Ergot and copper deficiency can be distinguished by their pattern in the field.
Ergot tends to occur along headlands, field edges and around grassed sloughs,
whereas copper deficiencies are usually in irregular patches throughout fields.
Mills advises testing soil for micronutrients before assuming it is deficient
in copper just because there has been an ergot infection.

If a grower finds ergot in the grain, harvest it gently and bin the outside
round or two separately, advises Mills. It may be worthwhile to clean grain
with ergot before delivery. This is generally less costly than having the grain
companies handle grain contaminated with ergot bodies.

Ergot does not usually affect crop yields, but the ergot body contains alkaloids
that are extremely toxic, so the maximum allowable amount in #1 wheat is 0.01
percent. In #4 wheat the maximum is 0.04 percent. Grain is graded after cleaning,
so only seed-sized ergot pieces are included. The fungus is a particular problem
in durum because semolina is not sifted, as flour is for bread, and ergot shows
up as dark specks in the pasta.

A long history of death, pestilence and empire destruction
Although livestock are occasionally poisoned by ergot in poor quality grain,
inspection generally prevents major ergot poisonings of humans as have occurred
in the past. Penny Le Couteur in her book, Napoleon's Buttons, says, until fairly
recently, ergot was a major killer, after bacteria and viruses. She reports
it caused 40,000 deaths in Germany in the year 994 and many others right up
to 1951. Weakening of their armies by ergot poisoning may have helped dash the
ambitions of Julius Caesar and Napoleon Bonaparte.

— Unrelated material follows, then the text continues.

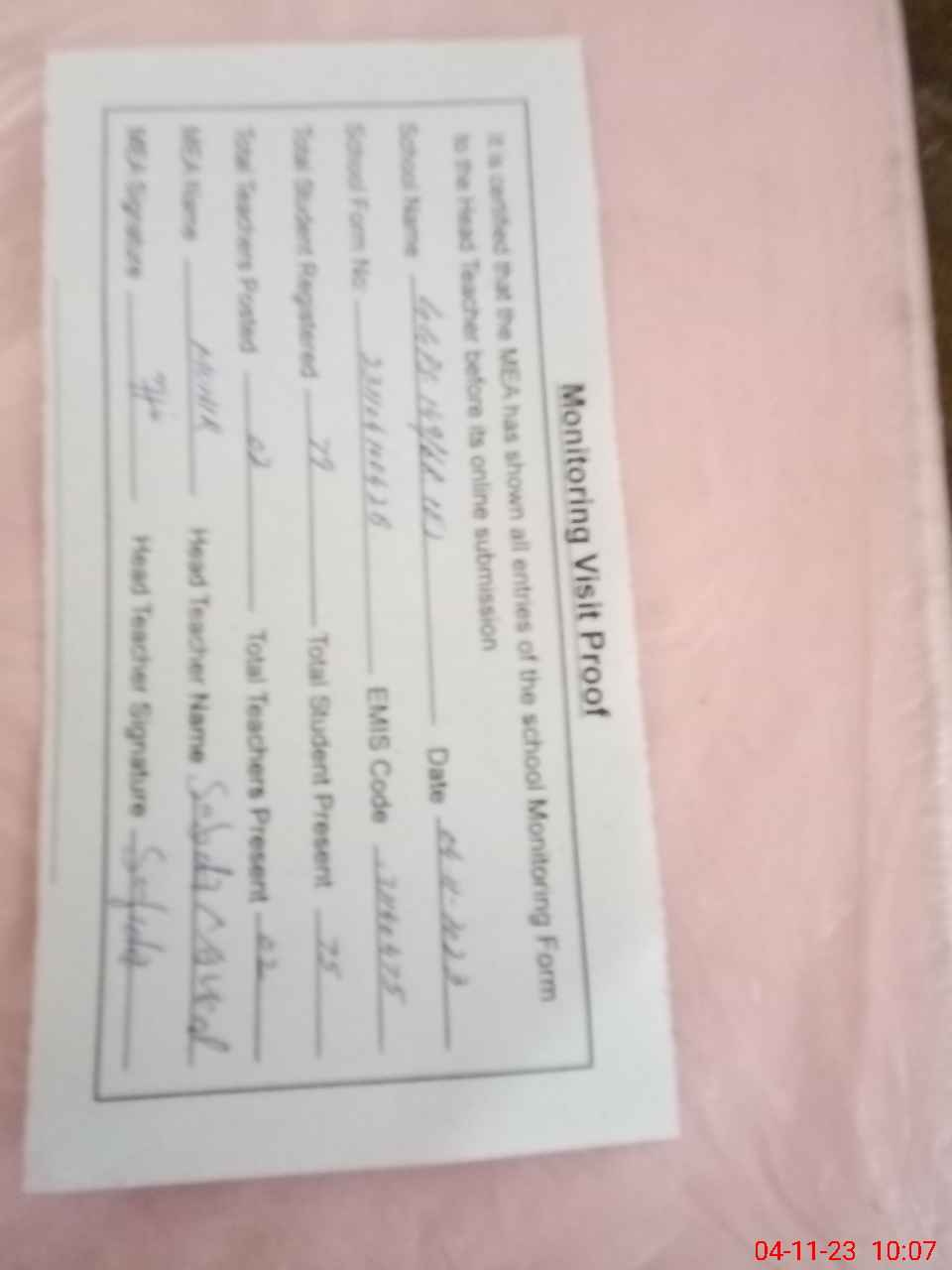 | Attendance Register | Head Teacher | MEA with School | Visit Proof |

One of ergot's alkaloids is used in treating hemorrhage in childbirth, but
it affects circulation to such an extent it can lead to gangrene and loss of
limbs in humans and animals. The symptoms of ergot poisoning include convulsions,
hallucinations, manic behaviour, seizures and death. The hallucinations are
due to ergotamine, a molecule that is very similar to LSD.

In the Middle Ages, ergot poisoning symptoms were called St Vitus dance, after
the mania and convulsions, or St Anthony's fire – due to the burning sensation
in limbs from circulatory problems. When whole communities were affected, the
symptoms were often ascribed to witchcraft.

Today, the only witchcraft going on is usually around Halloween when, hopefully,
a successful harvest means ergot-free cereals. So while there is no magic cure
for ergot, growers should understand that there are cultural and management
solutions to keep from suffering the effects of ergot on their bottom line.